The extensive insight that can be gained by collecting each of these data points is potentially revolutionary. It evolves a process from instinctual to data-driven — which, as seen in the potato example, has a fundamental impact on yields and productivity.

The underlying assumption is that the tools and methodology for capturing farm data are available and utilized efficiently. This is a big assumption because many farms today are not set up to actively collect and capitalize on new data assets. Accordingly, the ability to capture farm data becomes the source of competitive advantage.


It sounds easy. Collect data. Then use that data to deliver insights. But, for anyone who has been on a rural farm in the last decade, it is easier said than done. There are limitations that exist on many farms: lack of digital equip- ment, lack of skilled technology labor, poor distribution of electricity, and poorly defined processes. Because of these factors, each farmer must establish a new order of doing things to take advantage of the Data era. The data landscape for farming consists of three primary inputs.
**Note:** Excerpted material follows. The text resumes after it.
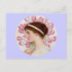 Carte Postale Dame en robe classique avec tulipes roses
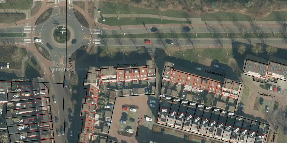 Het perceel waarop Commanderij 16 staat heeft een oppervlakte van 2185 m². Dit is een zeer groot perceel. De perceeloppervlakte wordt geregistreerd door het Kadaster. Gedetailleerde informatie over de maten van dit perceel kunt u vinden in het rapport Kadastrale kaart met maatvoering van Commanderij 16.

Sensing equipment: Mounted devices on machinery, in fields, or anywhere near crops could be designed to collect/stream data or to control the application of water, pesticides, etc. This could range from instrumented tractors for harvesting to devices to monitor crop transpiration. The evolution of machines to collect data on crops and soil has been dramatic. In the last decade alone, equipment has evolved from mechanical-only to a combination of mechanical and digital technology. This change has been expedited by early insights that even small adjustments in planting depth or spacing can have huge impact on yields. So, while today the sensing equipment is largely a digitized version of common farm machines, the future will see a marked advancement in machines. Drones, driverless tractors, and other innovations will become commonplace.

Global Positioning System (GPS): GPS provides the ability to pinpoint location accuracy within one meter. While GPS first emerged for automobiles in the early 1990s in places like Japan, it has just now become common in all automobiles. Farming equipment, as you may expect, has been even a step further behind, with the wide use of GPS just accelerating in the last decade.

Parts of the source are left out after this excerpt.